There has been growing interest in stories as artifacts that can augment interactive entertainment products, such as video games. This interest in storytelling in interactive entertainment has lead to the development of the notion of the interactive narrative (IN), an approach to interactive entertainment in which a system dynamically responds to the user and adapts the narrative content to his or her actions in the virtual world (Riedl, 2010; Riedl, Stern, Dini, & Alderman, 2008; Rowe, Shores, Mott, & Lester, 2010). Unlike other computer-based storytelling media, an interactive narrative system allows users to intervene and make decisions that directly affect the direction or outcome of the story. It implies that an IN system has to balance the seemingly competing requirements of narrative coherence and perceived user self-agency. The former means the events that occur from interactions among characters, environments and users in a narrative are meaningful and relate to each other, as well as to the outcome. The latter refers to a user’s capability of making meaningful decisions, while immersed in a virtual environment (Paracha & Yoshie, 2010b).

Reconciling narrative coherence and user self-agency is nevertheless an open research issue since the existing methods have not matured enough to warrant a balance between the two. The inadequacy of theoretical approaches to authoring interactive stories and the lack of authoring tools have made the interactive narrative medium underutilized (Kriegel & Aylett, 2008). In addition, allowing users to freely interact with the system does not guarantee a meaningful narrative experience. On the contrary, constraining user interactivity produces a system that tells only one and the same story, in which the user quickly loses interest.
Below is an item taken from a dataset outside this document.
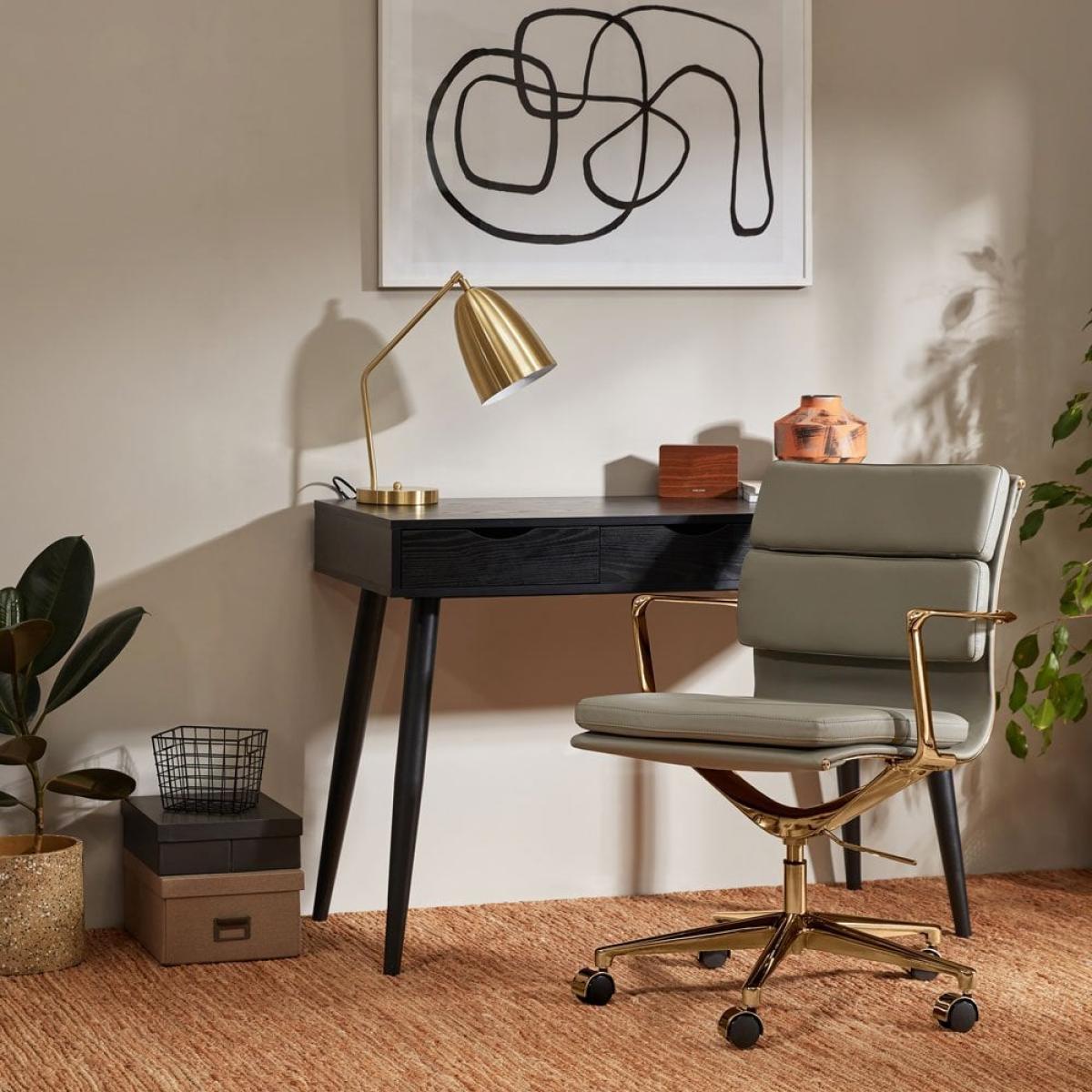 This office chair is a chic choice for adding a touch of modern elegance to your workspace. I love how the soft grey upholstery combined with the brass details creates a sophisticated, contemporary feel that works beautifully in minimalist or luxe interiors. It’s versatile enough to complement neutral tones, light woods, or even darker colour schemes for contrast. As it’s a soft pad design with a low back, it’s perfect for more relaxed or home office setups where comfort and style are equally important. For styling tips, consider pairing it with a sleek desk or a cosy lounge corner, and add some textured accessories like a woven rug or velvet cushions to soften and personalise the look. It’s a great blend of form and function, elevating even small or casual spaces.

This is especially true in the classroom context where stories are typically not as appealing to users as they are in video games (Figueiredo, Brisson, Aylett, & Paica, 2008). However, practitioners should be able to bind the scope of the emerging story around a particular educational issue.

One way to tackle this issue is by creating opportunities for improvements in the narrative and incorporating user input through a continuous intervention mechanism. In this regard, the so-called Forum Theatre, developed by the Brazilian dramatist Augusto Boal (1979), offers a relevant technique that both enables an incessant intervention system and balances narrative coherence against audience responses. Boal was interested in using theatre to resolve conflicts, and wanted to enable a greater degree of engagement for the audience. He introduced the character of Joker (i.e., story manager) who facilitated audience interactions and at the same time ensured that the audience would be provided with an overall coherent narrative. Similar interactive dramatic structure, in which advice can be given by intelligent virtual agents (IVAs), has been adopted for the Shimpai Muyou! virtual drama to help Japanese children build anti-bullying and other social skills.